Due to the extreme rarity of primary pulmonary epithelioid AS, chemotherapy options for this specific patient population remain understudied. Often, chemotherapeutic results are described in case reports or a small case series with a variety of regimens used to varying effects. For example, one case report documents marked regression of inoperable pulmonary epithelioid AS in a 25-year-old male after an unusual regimen of radiotherapy and intravenous recombinant interleukin-2 [17], while another report mentions the use of a more standard regimen of doxorubicin and ifosfamide in a 56-year-old male smoker with negligible effect [5]. Several promising combinations, such as gemcitabine and docetaxel, are currently under investigation in phase II and III clinical trials [5]. Phase II of the ANGIOTAX study has also shown that weekly paclitaxel demonstrates better response rates for angiosarcoma than doxorubicin, the first-line agent for soft tissue sarcoma. However, no significant difference in progression-free survival between treatment groups is reported, and response rates remain low for angiosarcoma [18], [19].
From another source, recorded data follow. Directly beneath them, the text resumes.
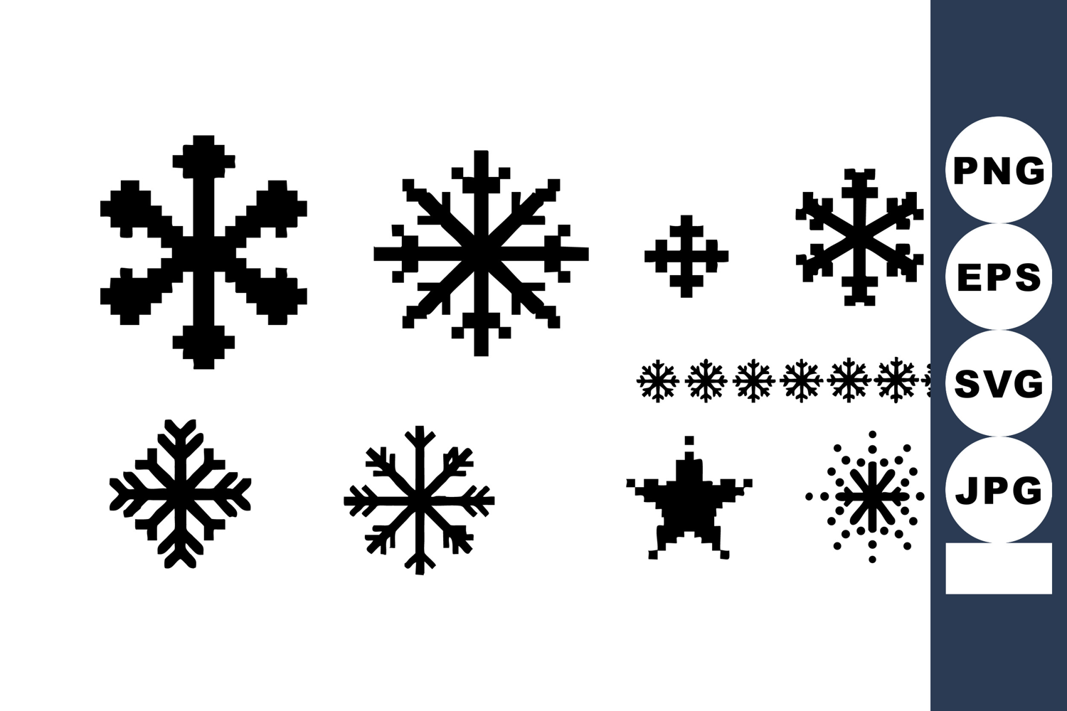 Pixel art black snowflakes and winter symbols vector illustr example image 1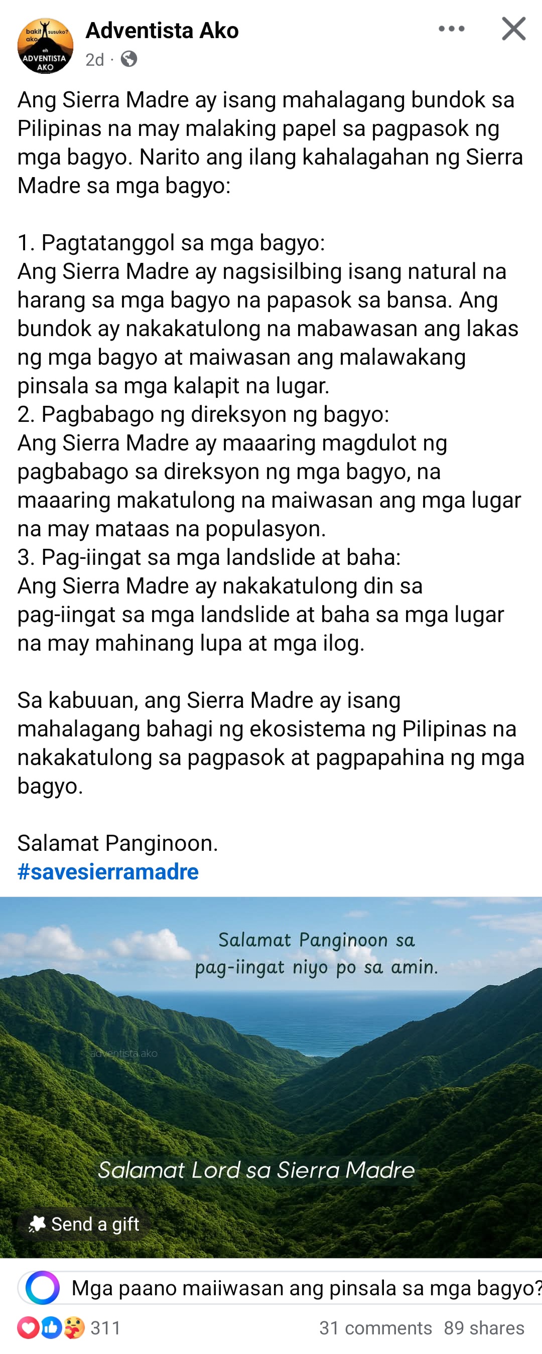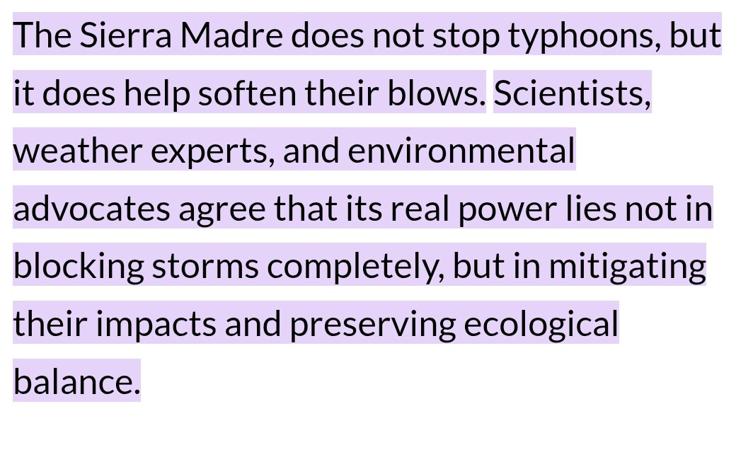 nababasa mo ba yannn???, well oo ayan sinabi nya. pero alin dun ang di mo maintindihan na ang Sierra Madre ang nag p-protekta sa’tin sa mga typhoons??? wag mo gawing rason yan dahil hindi mo naman naiintindihan.
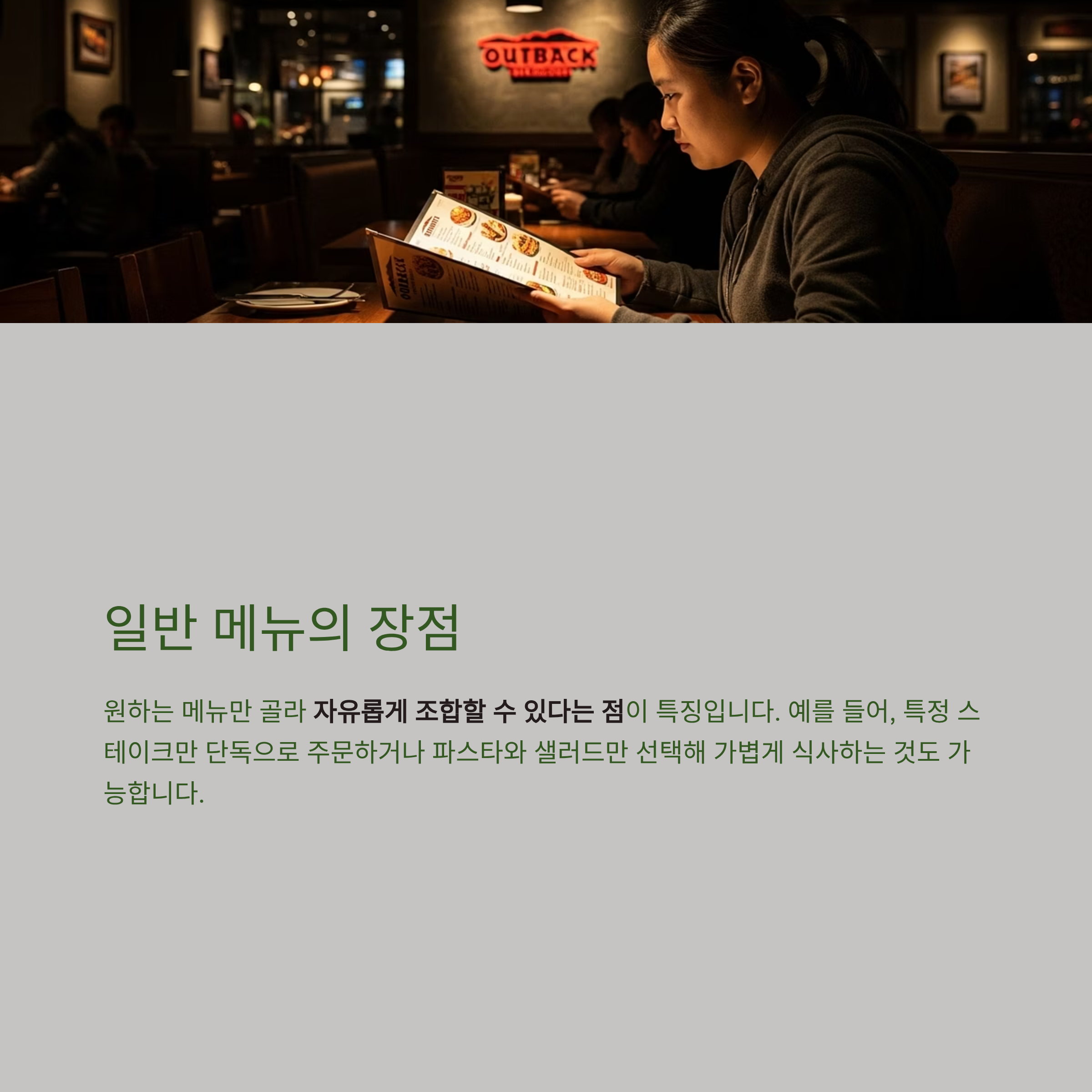 아웃백 스테이크하우스를 방문할 때, 런치세트와 일반 메뉴의 차이를 알면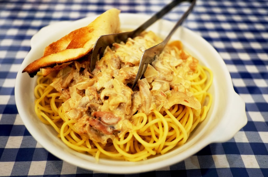 This dish has a generous, creamy appearance that makes it look instantly indulgent. The spaghetti is neatly coated in a pale, velvety sauce with visible pieces of tuna, herbs, and mushrooms. It looks full and comforting, like a dish that takes its time.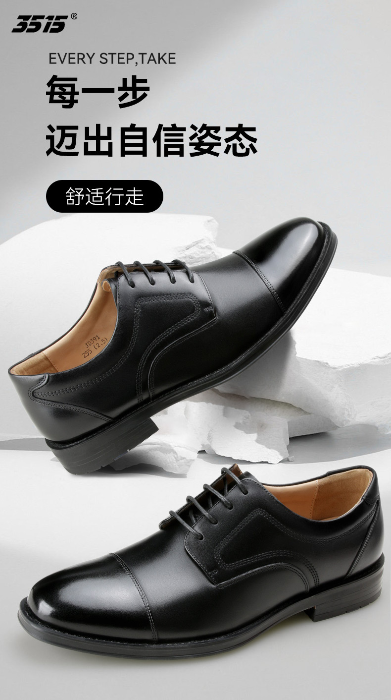Jihua 3515 강한 남성 3 조인트 캐주얼 가죽 신발 봄과 가을 비즈니스 공식 가죽 신발 남성용 블랙 신랑 가죽 신발스토어 가기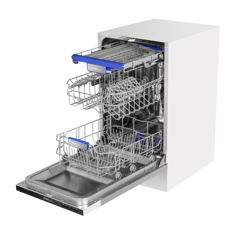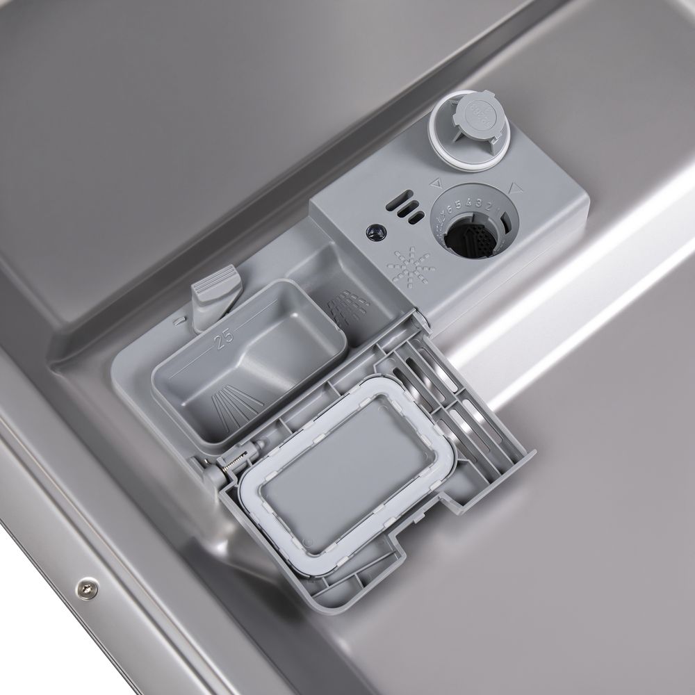 Турбосушка. Индикация окончания мойки "Луч на полу". Защита от протечек. Полновстраиваемая. Выдвижной лоток для столовых приборов. Возможность использования моющих средств "3в1". Отсрочка старта от 1 до 24 часов и интервалом в один час.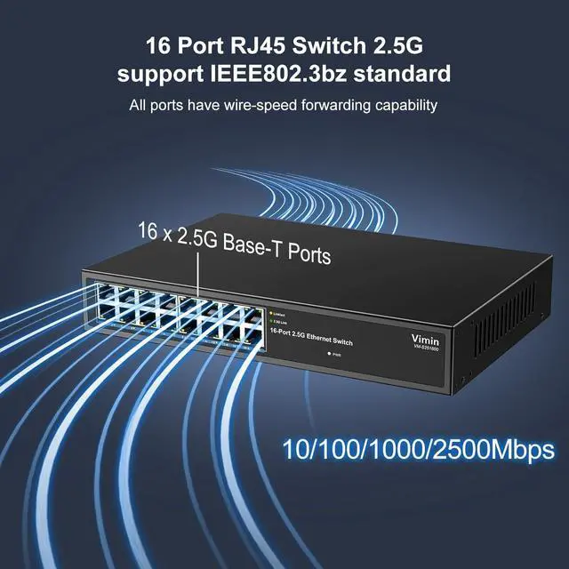 2.5Gbps Network Switch: VIMIN 16 Port 2.5G unmanaged network switch offers 16x 2.5Gbase-T ports , providing fast and reliable network connectivity with a 120Gbps ethernet switching capacity. Ports 1-16 comply with the IEEE802.3bz (2.5G) standard, support 10/100/1000M/2.5G adaptive.

In addition to the paucity of cases, lack of standardized chemotherapeutic regimen, and the malignancy's resistance to therapy, the older patient population that is typically affected may not be offered chemotherapy due to comorbidities that increase the risk of acute toxicity [8]. Metronomic oral cyclophosphamide with prednisolone, a course similar to that initially given to this patient, may address this issue and has been recently studied for treatment feasibility in patients 65 years or older with inoperable soft tissue sarcoma tumors [20]. The results are promising, showing tumor response with a decreased risk of acute toxicity compared with doxorubicin therapy, the first-line treatment for advanced or recurrent soft tissue sarcomas. The first mention of cyclophosphamide for chemotherapy-resistant angiosarcoma dates from 1961, with an article describing 2 cases that responded after thiotepa and methotrexate had failed [21]. In the more recent feasibility study, only 3 patients with angiosarcoma were included, one of whom received paclitaxel as second-line therapy. The fact that the patient population remains exceedingly small half a century later despite improved diagnostic tests is an obstacle to research. However, the possibility of regression or prolonged, stable disease with better quality of life in a malignancy known for its poor prognosis encourages further study of available chemotherapeutic options. Due to the rarity of this disease, research to delineate effective treatment from incidental improvement is recommended with high-volume trials affiliated with large oncologic centers.

Conclusion

Primary pulmonary epithelioid AS is an aggressive and exceedingly rare vascular tumor that is not commonly considered during the early workup of pulmonary disease. Nevertheless, it belongs on the differential of any adult male patient presenting with diffuse alveolar hemorrhage or intractable hemoptysis, especially if there is a history of irradiation, asbestos exposure, or tuberculous pyothorax. Suggestive findings of primary pulmonary epithelioid AS on radiographic imaging include ground-glass opacities, cavitary lesions, and nodules with spiculated, irregular borders. Due to the nonspecific imaging and histology findings, immunohistochemical markers are required to reliably diagnose primary pulmonary epithelioid AS. Treatment, which is currently understudied due to the aggressiveness and rarity of the disease, involves several modalities, including chemotherapy, radiation therapy, and surgical resection. This aggressive, high-grade malignancy is typically resistant to chemotherapy, and most patients die within 1 year of the onset of symptoms. Once diagnosed, consultation with a high-volume oncology center that has experience treating sarcomas is recommended.